**What this task involves**
In the entries below, find the line with "2026年1月8日,Elsevier旗下Scopus数据库评审部正式致函《病毒学报》编辑部:经 Scopus Content" and the line with "Com base em". Repeat exactly everything between them, those two lines included, but not the pictures.

**Dataset records**

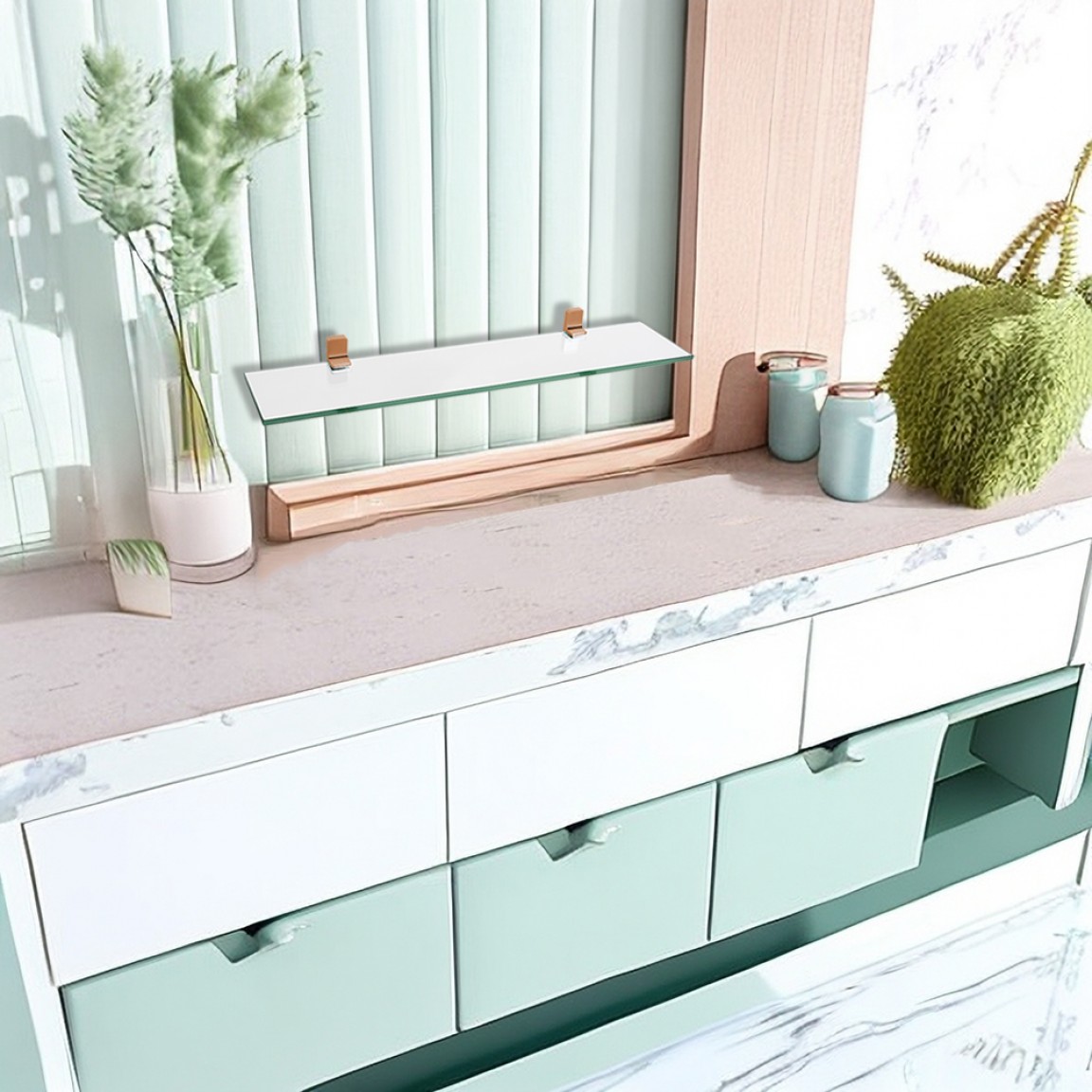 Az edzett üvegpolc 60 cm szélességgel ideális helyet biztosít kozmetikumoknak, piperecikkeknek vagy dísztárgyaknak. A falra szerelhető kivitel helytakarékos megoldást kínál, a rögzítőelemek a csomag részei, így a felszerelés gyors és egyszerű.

---

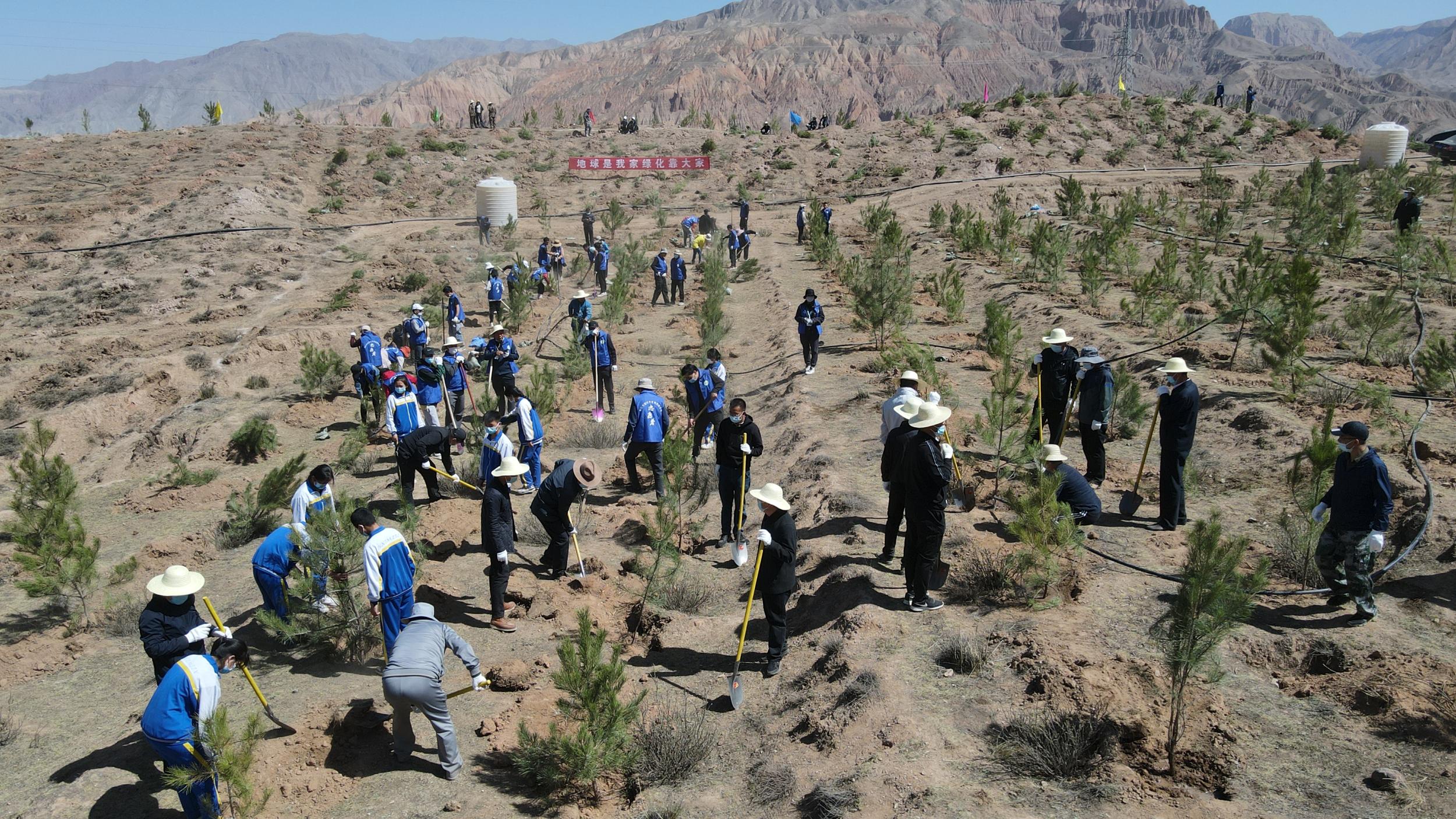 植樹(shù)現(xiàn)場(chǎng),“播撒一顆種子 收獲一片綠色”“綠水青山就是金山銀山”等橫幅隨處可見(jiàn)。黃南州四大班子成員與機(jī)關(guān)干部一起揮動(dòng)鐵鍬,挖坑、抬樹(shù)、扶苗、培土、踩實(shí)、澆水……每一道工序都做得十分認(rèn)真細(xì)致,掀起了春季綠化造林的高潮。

--

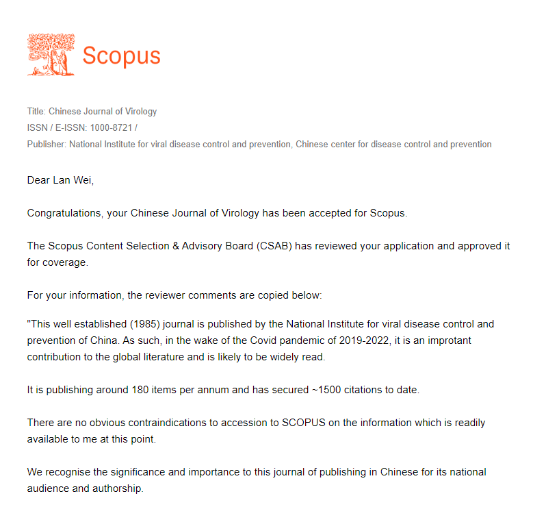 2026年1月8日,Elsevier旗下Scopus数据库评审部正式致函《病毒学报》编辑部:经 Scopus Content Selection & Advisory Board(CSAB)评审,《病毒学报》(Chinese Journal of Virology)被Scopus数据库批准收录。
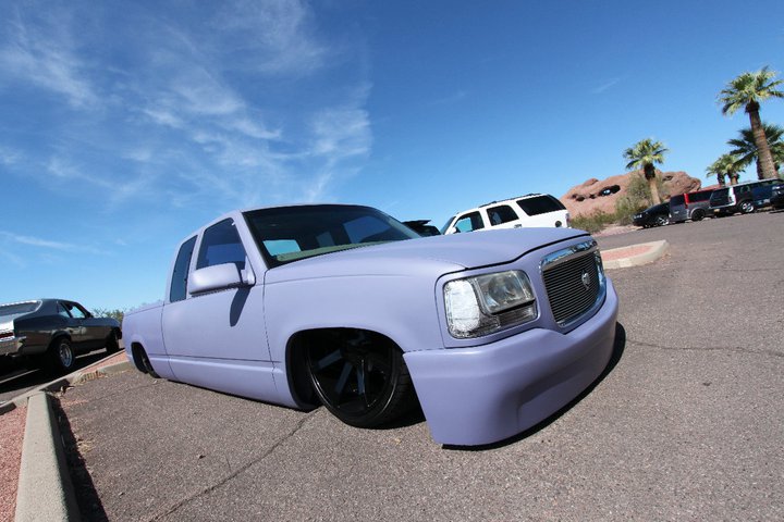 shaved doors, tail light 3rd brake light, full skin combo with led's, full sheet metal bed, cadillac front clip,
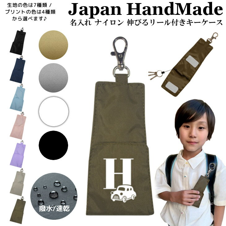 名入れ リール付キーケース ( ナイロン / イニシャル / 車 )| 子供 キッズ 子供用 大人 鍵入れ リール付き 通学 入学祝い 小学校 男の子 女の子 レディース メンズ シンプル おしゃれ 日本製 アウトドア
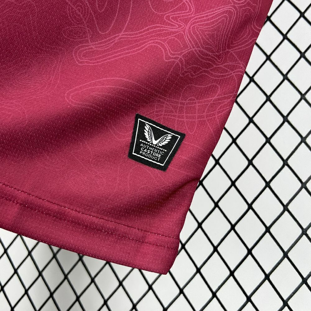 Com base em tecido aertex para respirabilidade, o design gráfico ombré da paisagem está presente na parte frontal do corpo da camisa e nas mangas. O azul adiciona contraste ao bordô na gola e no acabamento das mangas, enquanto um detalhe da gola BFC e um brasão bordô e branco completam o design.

**Solution for this exercise**
 2026年1月8日,Elsevier旗下Scopus数据库评审部正式致函《病毒学报》编辑部:经 Scopus Content Selection & Advisory Board(CSAB)评审,《病毒学报》(Chinese Journal of Virology)被Scopus数据库批准收录。
 shaved doors, tail light 3rd brake light, full skin combo with led's, full sheet metal bed, cadillac front clip,
 名入れ リール付キーケース ( ナイロン / イニシャル / 車 )| 子供 キッズ 子供用 大人 鍵入れ リール付き 通学 入学祝い 小学校 男の子 女の子 レディース メンズ シンプル おしゃれ 日本製 アウトドア
 Com base em tecido aertex para respirabilidade, o design gráfico ombré da paisagem está presente na parte frontal do corpo da camisa e nas mangas. O azul adiciona contraste ao bordô na gola e no acabamento das mangas, enquanto um detalhe da gola BFC e um brasão bordô e branco completam o design.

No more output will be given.